The Parties to the conflict should further endeavour to bring into force, by means of special agreements, all or part of the other provisions of the present Convention.
The application of the preceding provisions shall not affect the legal status of the Parties to the conflict.
If you do a quick Google News search — here, I’ll even do it for you: Geneva Convention Article III — you’ll see that one of the big topics of the day is torture. Specifically, are we doing it, why are we doing it, why we shouldn’t be doing it, and how the President is trying to weasel his way into making it legal. The President wants to have some legislation drawn up that “further defines” what Article III of the Geneva Convention means by “outrages upon personal dignity, in particular, humiliating and degrading treatment”. Because, you know, this Harvard grad can’t figure out what “outrages upon personal dignity” and/or “humiliating and degrading treatment” might actually be.
Ladies and gentlemen of the jury, may I present an example of “outrages upon personal dignity, in particular, humiliating and degrading treatment”? Here:
That might be one example. That would be the sort of thing we ought not be doing.
Look, kids, we don’t get to have this both ways. We can’t be the “good guys”, we can’t be “winning the hearts and minds” of the Iraqi people, of the entire Muslim people, and still be arguing over this shit. We don’t get to have “alternative interrogation methods”, okay? We don’t get to do water boarding, Chinese water torture, pulling finger nails, beating up POWs — whatever we call them — stack POWs up naked in Saddam-like prisons, use their own religious beliefs to horrify and offend them, and so on, and so forth. We don’t get to do that.
Pragmatically? If it were me, running a real war, and not a total bullshit Preznit Bush style war, and actual important things had been on the line? Then torture, yeah, maybe. Sometimes you do what you have to do. It’s ugly, but we employ people to take care of the ugly shit, so regular folks don’t have to deal with it. Fine. But this war, and this president, and this load of bullshit that has been dubbed the “War on Terror” — um, no. This is not the administration I want defining “torture” for all future generations, because I suspect that even I will disagree with their definition.
Torture is the tool that we don’t talk about having in the tool box. It’s the last resort, the thing we don’t want to contemplate, the last warped, deformed demon in the Pandora’s Box of war. And that’s where and what it should be. Sometimes, in order to win, you have to play dirty. This is not the first time the US has played dirty, let me assure you. (If you actually think so — then get on the bus with the rest of the shiny, happy people, and let the rest of us deal with the real world, okay?) In fact, I’m sure that this isn’t even the first time that the US has played dirty for no good damn reason.

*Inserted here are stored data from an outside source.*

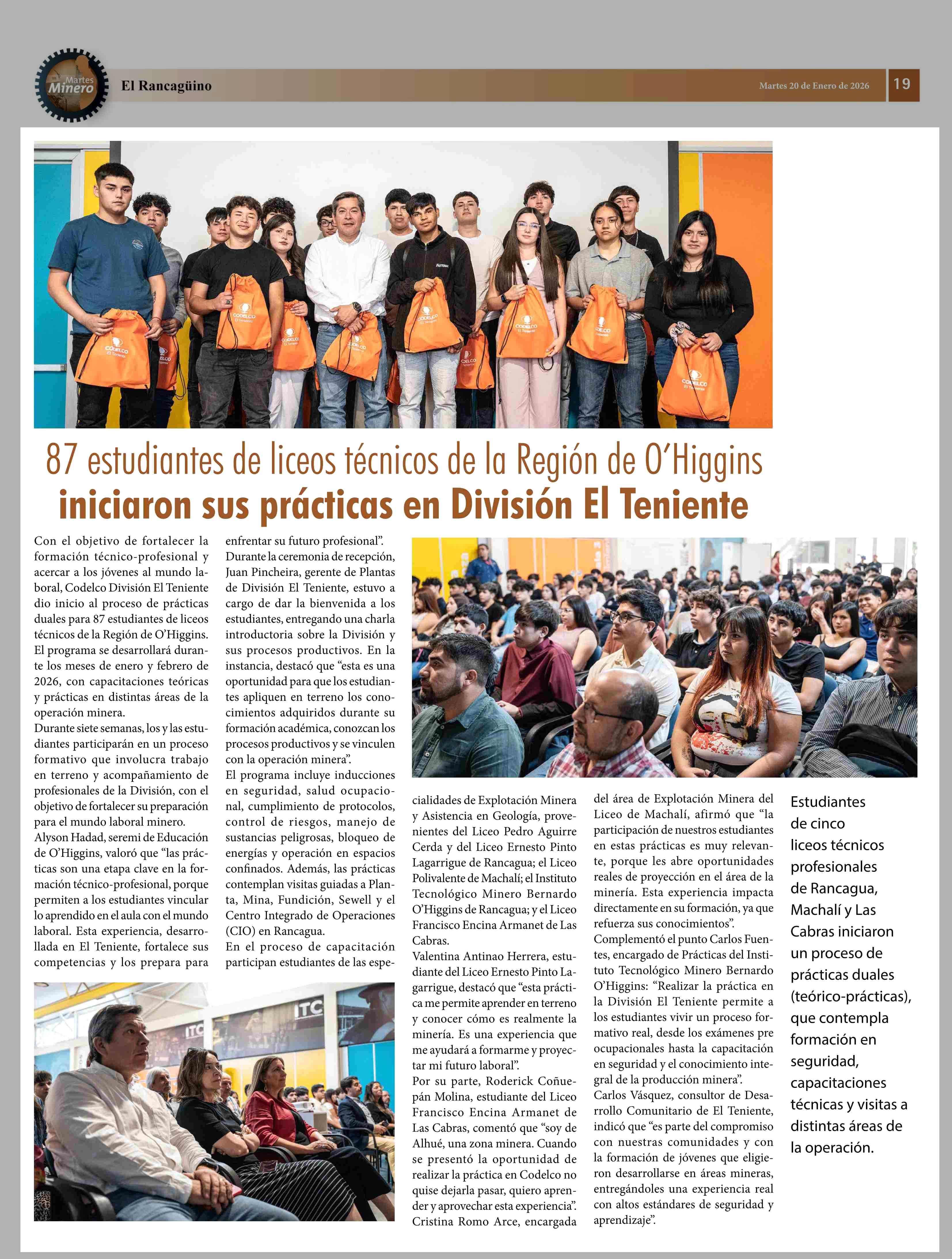 87 Estudiantes de liceos técnicos de la Región de O'Higgins iniciaron sus prácticas en División El Teniente 20-01-2026 El Rancagüino |
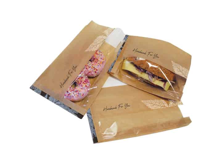Versatile grease-resistant bags for hot and cold foods: paninis to pastries and everything in between. Suitable for 24hr use, they have a large Natureflex window which is a certified home and industrially compostable film derived from wood pulp. Featuring a bold black base and white leaf motif, our Back to Nature Multi Bag Bag is also printed with ‘Handmade For You’ messaging. Seal with a label or Back to Nature sticker.
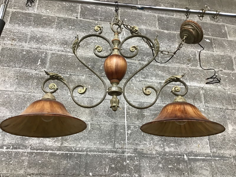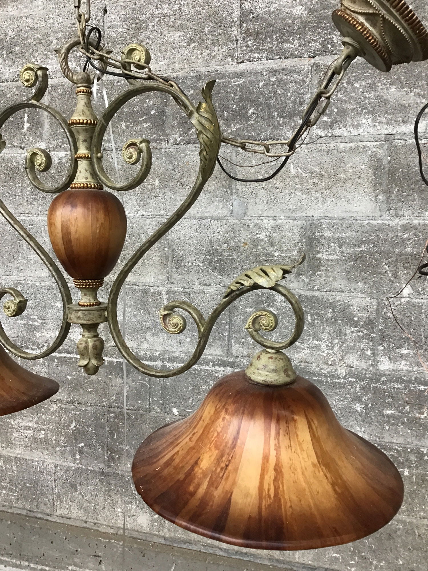 A rather fabulous Tuscan revival style chandelier with charming patinated bronze finish and unusual faux slag glass shades and column that appear to be fiberglass. They have a really cool streaky pattern that's kinda giving mushroom... Fit for a grand faerie palace methinks!
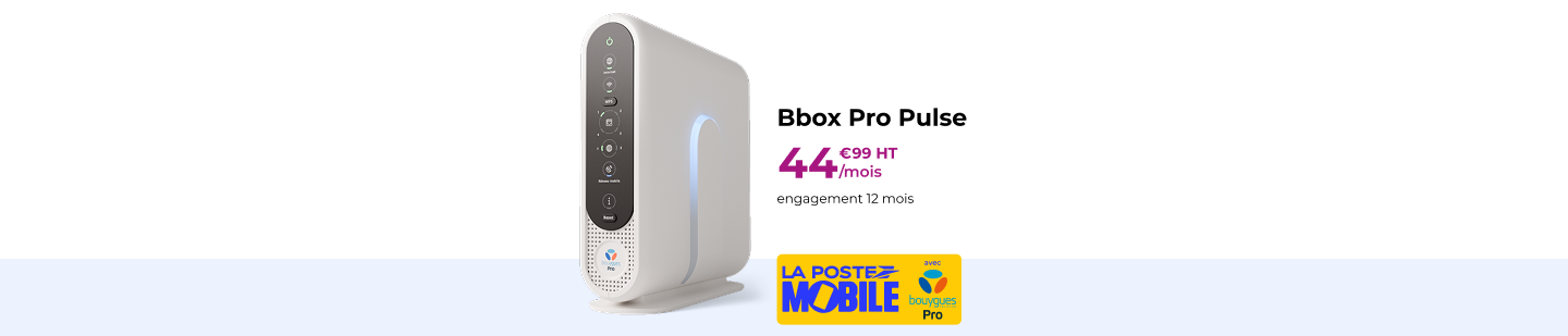 BBOX PRO PULSE : Offre proposée par La Poste Telecom en partenariat avec Bouygues Telecom et opérée par Keyyo, filiale du groupe Bouygues Telecom. Offre valable pour tout professionnel situé en France métropolitaine et éligible aux technologies concernées.

But goddammit, at some fucking point, you draw a line in the sand, kids. At some point, with this dirty, crooked, lying, criminal, greedy, war-crime-committing, war-profiteering, rotten bunch of fucktard sonovabitches of an Administration, you draw a goddamn line in the sand.
In a real war, when you have gone to war as a last resort, after all other options are fully exhausted, when you have been left no other choice, and when you are doing so for right and proper reasons, and not when you are doing so to make a profit, and take over other countries’ resources — In that kind of war, you do what you gotta do. Shit happens, war is ugly. But this war, this invasion of Iraq, has been about nothing more than the bottom line, lining the wallets of criminals, oil for blood, and a lot of other utterly unnecessary bullshit to distract us from the fact that we have completely failed to accomplish any goal we set out on since 9/11/01. And the guys who perpetrated this moral fallacy are the guys who want to define “torture” and how we’ll handle it for our future generations.
And I say, No.
Who guards the guardians, kids? This is our job. We invest in our government the power, along with our trust. We expect them to take care of things, intelligently, with morals, as best they can. We expect them to do right, and we give them the power they need to do so, and we hope. But in the end, it becomes our job to watch them, and call them to task, and, when necessary, recall, somehow, the army of marching brooms we have unleashed.
It’s that time.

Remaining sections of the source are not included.